Since Gigabyte just achieved OC speeds of over 11,000 Mbps, extreme overclockers are truly getting the most out of DDR5 memory.
On the Intel Z790 platform, the competition to achieve the highest memory overclock is still going strong. With the previous record that was established on the ASUS ROG Z790 APEX motherboard, we thought we had seen it all, but it appears that Gigabyte’s in-house overclocker, HiCookie from Taiwan, had some tricks up his sleeve.
The well-known overclocker used a motherboard called the Z790 AORUS Tachyon, which has a dual-DIMM configuration and is intended for extremely high memory and CPU overclocks.

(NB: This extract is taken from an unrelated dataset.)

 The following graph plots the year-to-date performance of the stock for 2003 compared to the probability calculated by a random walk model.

The motherboard was equipped with an Intel Core i9-13900K Raptor Lake processor, but the memory—which included two of Gigabyte’s own AORUS DDR5-8333 modules with the particular serial number “ARS32G83D5″—was the most crucial component. These are some of the top memory kits that are available.

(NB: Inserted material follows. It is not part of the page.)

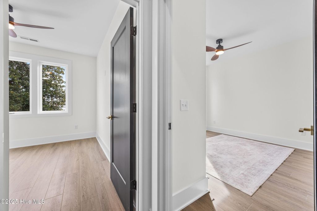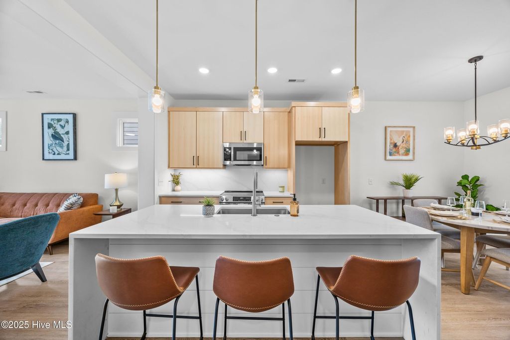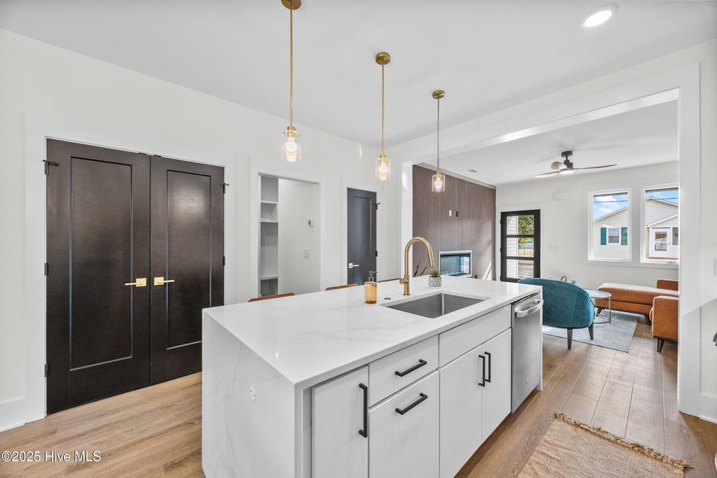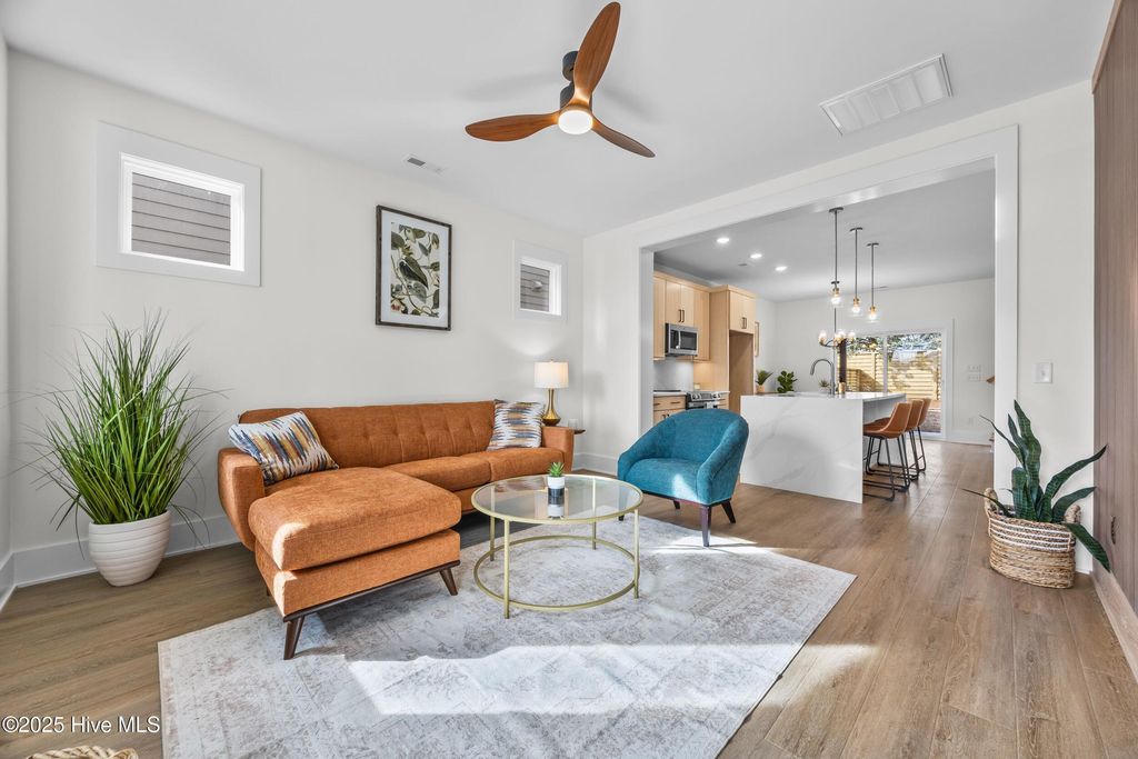 Up to $14,400 in Buyer Incentives! $10,000 seller credit + up to 1 percent lender credit (buyer's choice on how to apply) ****LAST HOME LEFT OUT OF THE 3 BUILT**** NEW CONSTRUCTION IN WILMINGTON'S CARGO DISTRICT"”JUST MINUTES FROM DOWNTOWN AND THE RIVERWALK. This 3-bedroom, 2.5-bath home delivers modern design with a layout that lives well. The open-concept main level features recessed lighting and a sleek flush fireplace with a custom feature wall, creating a comfortable yet refined living space. The kitchen is thoughtfully finished with waterfall quartz countertops, solid wood cabinetry, and matte black hardware"”balancing visual impact with everyday functionality. Upstairs, 9-foot ceilings enhance the light-filled feel and frame a flexible nook ideal for a home office, study area, or additional living space. The primary suite includes a spacious walk-in closet and a spa-inspired bath with a rainfall and wall-mounted shower system complemented by curated tile selections. Additional features include owner lockout storage beneath the stairs"”ideal for second-home use or short-term rental flexibility"”and a private backyard shaded by mature oak and pecan trees. A smart floor plan, quality finishes, and low-maintenance new construction make this home a standout opportunity in a highly walkable location.

The overclocker employed LN2 cooling to push one DDR5 memory module to DDR5-11136 in order to accomplish this particular DDR5 memory overclock (5567.5 Effective clocks). The raw bandwidth here is over 11 Gb/s, and the CAS timings were set at 64-127-127-127-127-2. There is no information on whether the stock voltage was utilised or whether the memory was slightly pushed up. The latter seems more likely, but either way, this is a significant victory for the Gigabyte team. Here are links to the CPU-z validator and the HWBOT validation, as well as a snapshot of the CPU-z validator, respectively:
With these severe overclocking results, it appears that we will reach the maximum DDR5-12600 speeds for the DDR5 standard very soon. Even in the consumer market, one can purchase DDR5 memory kits with up to 8000/9000 Mbps transfer speeds, but they are expensive and will ultimately become more affordable as the standard develops and becomes widely used, which should happen rather soon given AMD’s and Intel’s most recent push.